"This isn't just about stealing data; it's about hijacking the agent that already has the keys. Our research proves that trivial obfuscation can bypass data exfiltration checks and pull email, calendar, and connector data off-box in one click. AI-native browsers need security-by-design for agent prompts and memory access, not just page content."

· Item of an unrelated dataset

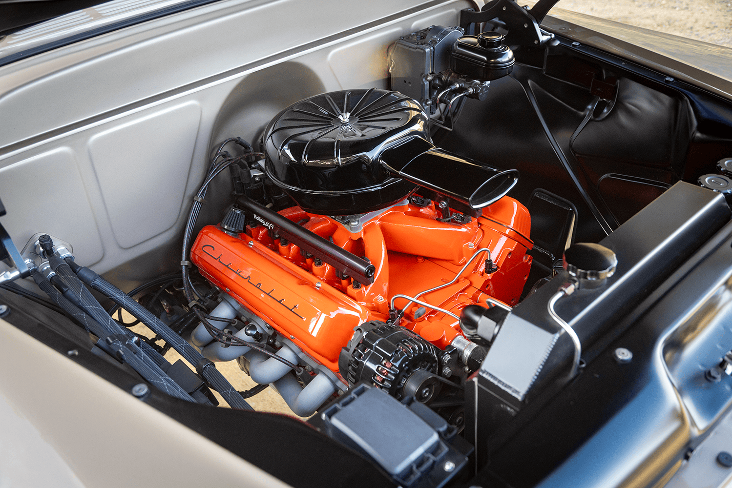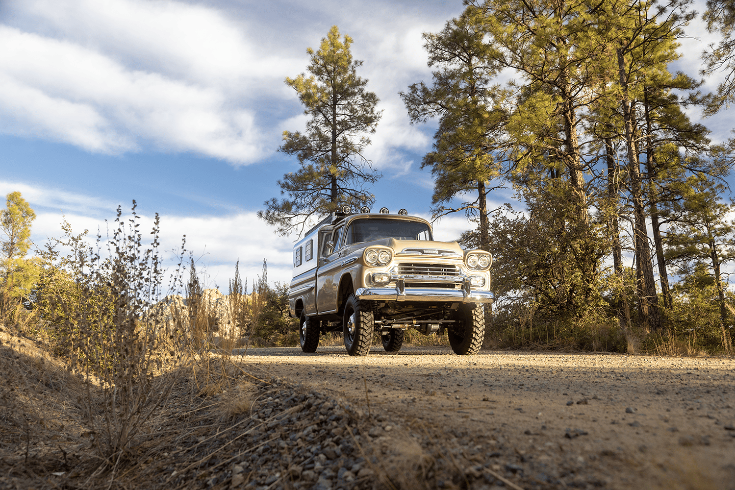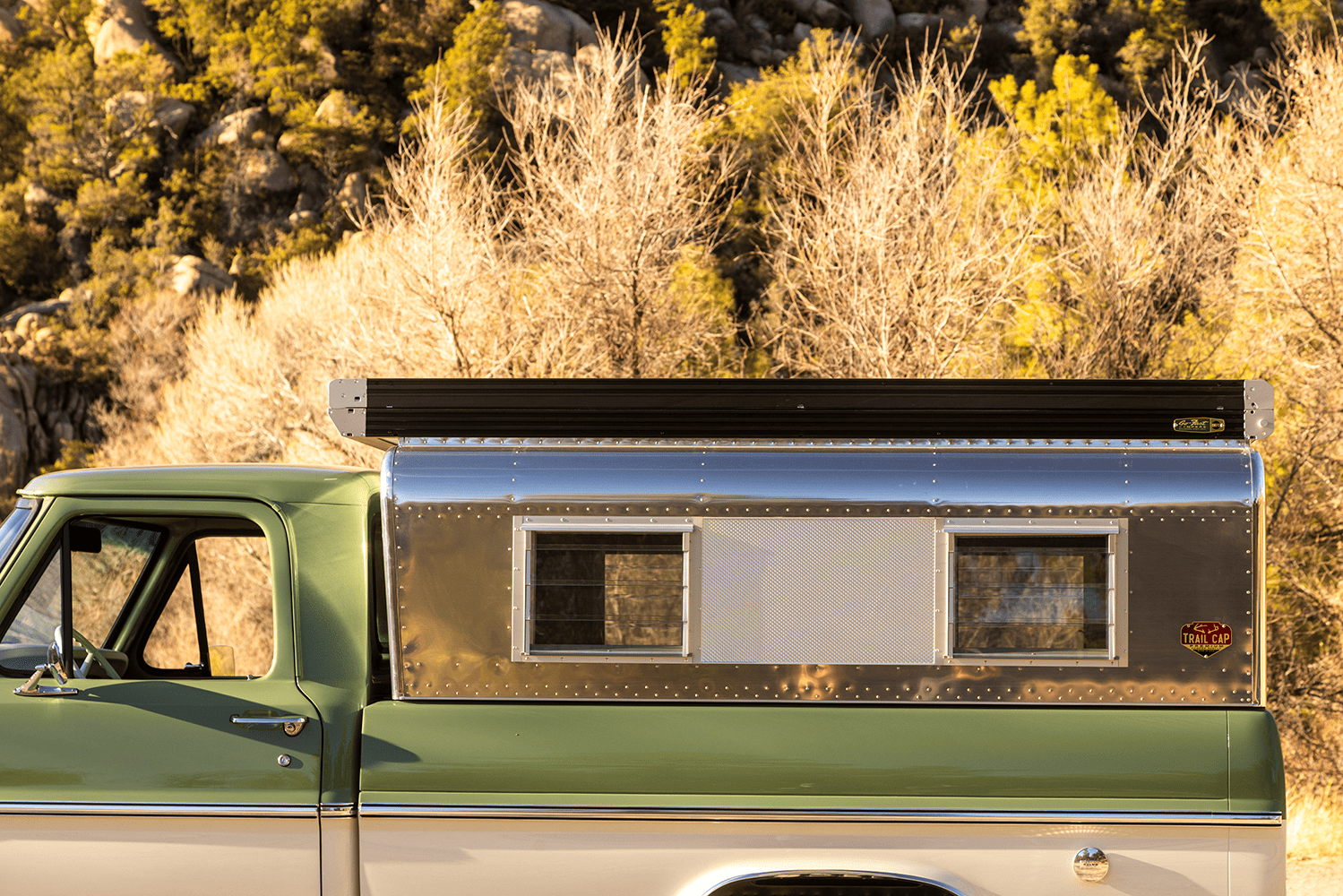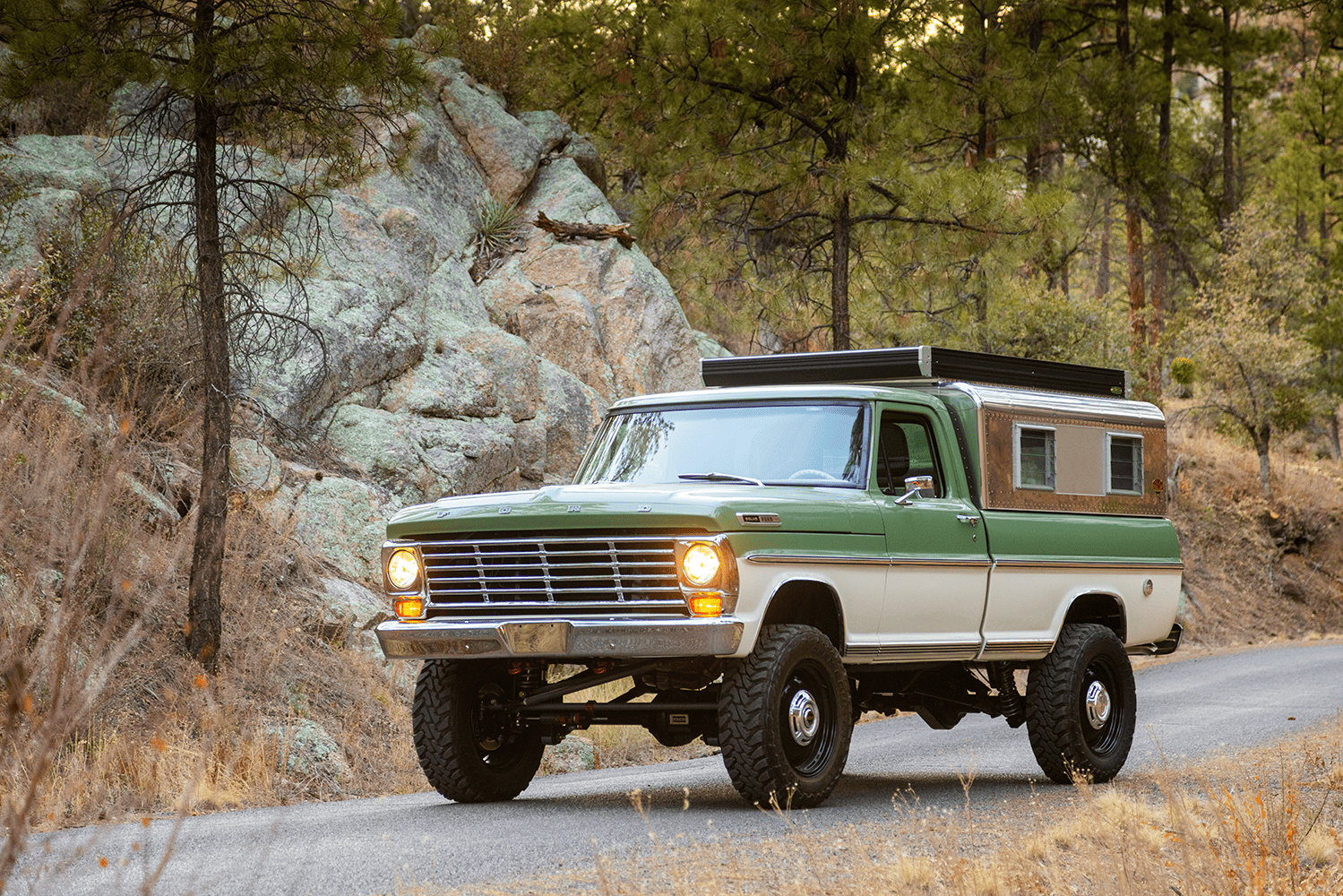 In case you were wondering about specifics, both the Apache and the Bumpside ride on custom “mid-length” (one of Del’s signature styling cues for the off-road design) Roadster Shop RS4 chassis with back-dated, Holley-fed LS3s—the Chevy using Delmo Speed adapters for a 283 inspiration while the Ford uses Delmo Speed adapters to achieve a 351W presence—and Hughes 4L80s with Atlas transfer cases and Dana 60/44 differentals. Wheels are custom steelie-look billets milled by Leading Edge Machine and Design (who also whittled the bitchin steering wheels in both trucks!) with Toyo Open Country 275/65s and Delmo-edition Baer disc brakes. Lewis Millinich handled the ’63 Corvette gold on the Apache, which is complemented by a retro Trail Cap aluminum camper shell; he refinished Eckberg’s F-250 in Boxwood Green and Wimbledon White two-tone, which is also outlandered-out with a Trail Cap rig. Also (now) local to Prescott, my good old friend from Austin via L.A. (or vice-versa), Sean “Fat Lucky” Johnstun crafted the beautiful interiors in both, which also feature Dakota Digital instrumentation, Vintage Air, and custom sound systems utilizing rearview mirror backup cams.

"The attack, in a nutshell, hijacks the AI assistant embedded in the browser to steal data, all while bypassing Perplexity's data protections using trivial Base64-encoding tricks. The attack does not include any credential theft component because the browser already has authorized access to Gmail, Calendar, and other connected services. It takes place over five steps, activating when a victim clicks on a specially crafted URL, either sent in a phishing email or present in a web page. Instead of taking the user to the "intended" destination, the URL instructs the Comet browser's AI to execute a hidden prompt that captures the user's data from, say, Gmail, obfuscates it using Base64-encoding, and transmits the information to an endpoint under the attacker's control."
CometJacking is a prompt-injection attack that weaponizes a single URL to make Perplexity's Comet AI browser execute hidden prompts and exfiltrate user data. The attack leverages the browser's existing authorized access to Gmail, Calendar, and connectors, so no credential theft is required. The malicious URL uses the "collection" parameter and trivial Base64 encoding to bypass data-exfiltration checks, capture content, obfuscate it, and send it to an attacker-controlled endpoint. The attack activates when a user clicks a crafted link in email or on a webpage. Mitigation requires security-by-design for agent prompts, memory access controls, and stronger URL handling.